Amore di libertà, sottomissione, ribellione, conformismo, coraggio, paura, invidia, odio,sopraffazione, oppressione, ipocrisia, istinto di sopravvivenza, vocazione al martirio e tanto altro ancora. Tutto mescolato in modo inestricabile e giocato con imprevedibile alternanza, al grazie tavolo della roulette della vita.
Ezio Mauro ha diretto per un ventennio Repubblica e prima la Stampa. Prima ancora è stato cronista di politica locale a Torino, corrispondente politici da Roma, corrispondente da Mosca.

Un cronista da Torino a Mosca

A Roma mise a soqquadro la quieta routine dei reporter parlamentari.

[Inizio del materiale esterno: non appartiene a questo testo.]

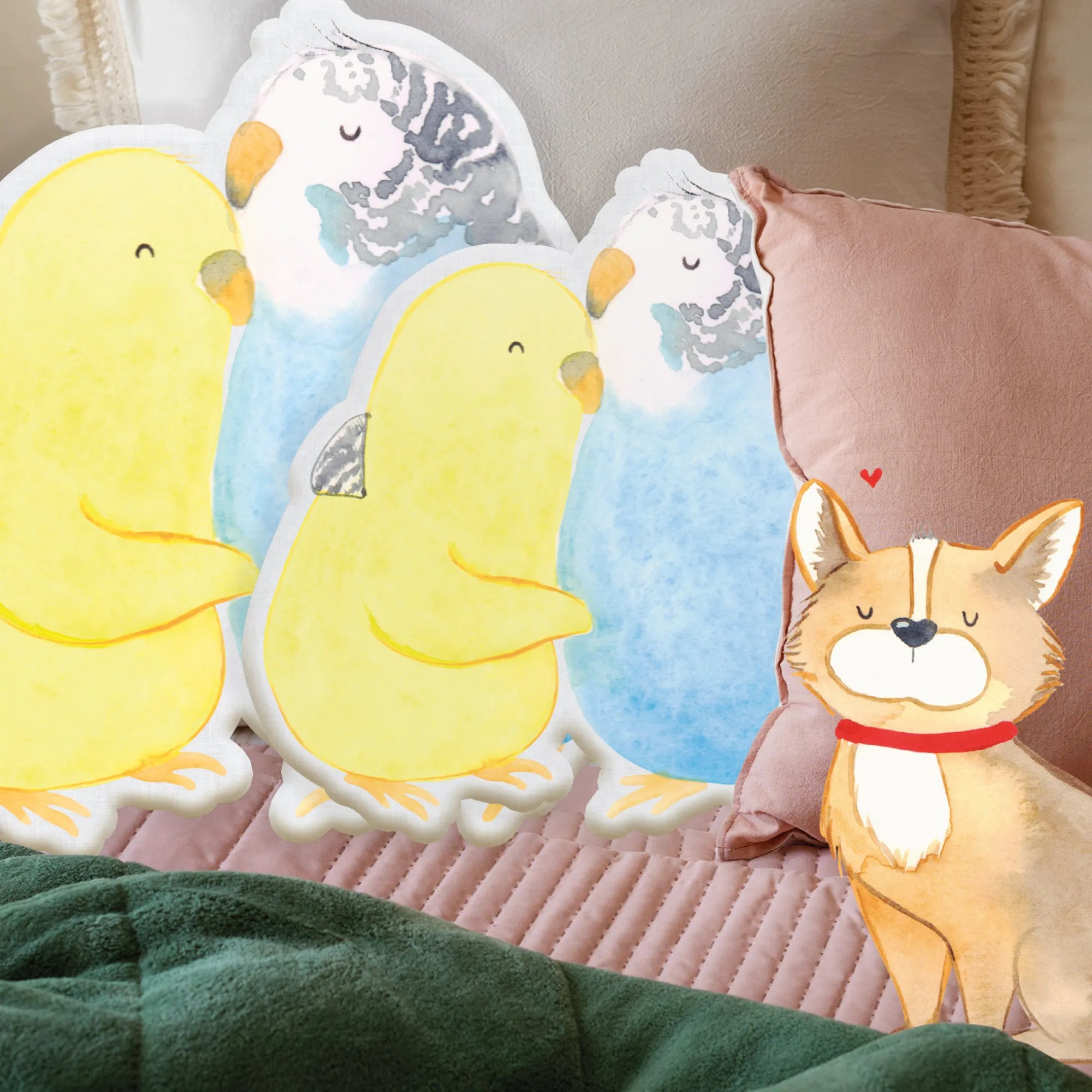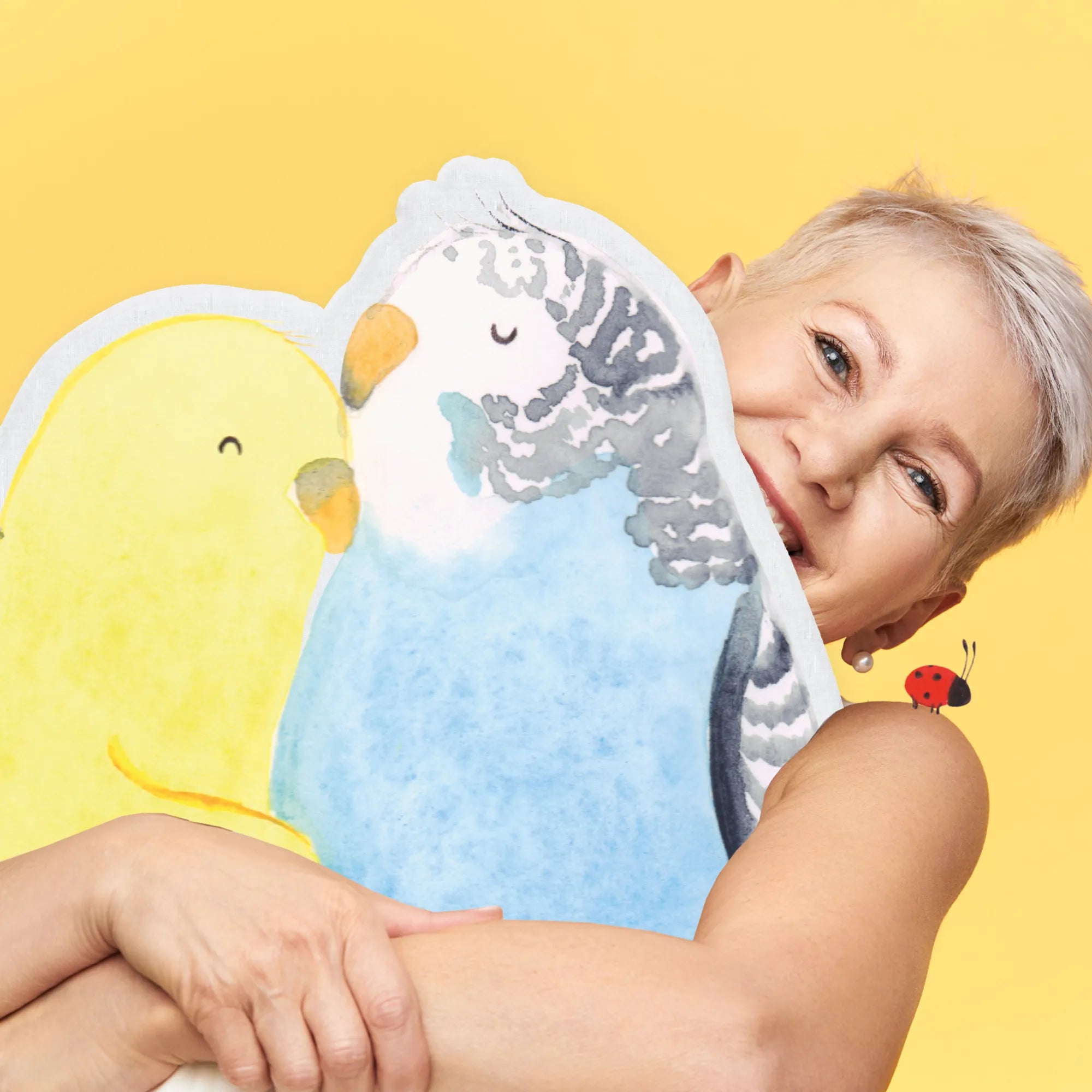 Verschenke ein Stück Geborgenheit und zeige: Du bist nicht allein – mit dem Kuschelkissen „Wellensittich Liebe“ von Mr. & Mrs. Panda.

I suoi scoop, raccolti dietro le quinte del Parlamento, diventarono un genere giornalistico.
Fu a Mosca che Mauro portò a maturazione il processo di unire la visione politica complessa all’inesorabile passione del dettaglio cronistica.
Erano gli anni della perestrojka di Gorbaciov, la fine di quel tipo di comunismo, lo sfascio di tutto.
Mauro applicava al suo lavoro a Mosca le regole del cronista di Torino o Roma: niente orari, presenza sul posto, cura del dettaglio.
Come riferimento di concorrenza, non i colleghi italiani ma l’americano David Remnick, del Washington Post, oggi da oltre 20 anni alla guida della rivista New Yorker (in questi giorni nei cinema italiani con la parodia-agiografia del film The French DIspatch)

Andai a trovare Ezio Mauro a Mosca in quei mesi. Sempre in ritardo al ristorante, sempre in ritardo sull’invio degli articoli a  Repubblica, sempre in quasi frenetico movimento che non escludeva un appostamento sotto la casa di qualche gerarca.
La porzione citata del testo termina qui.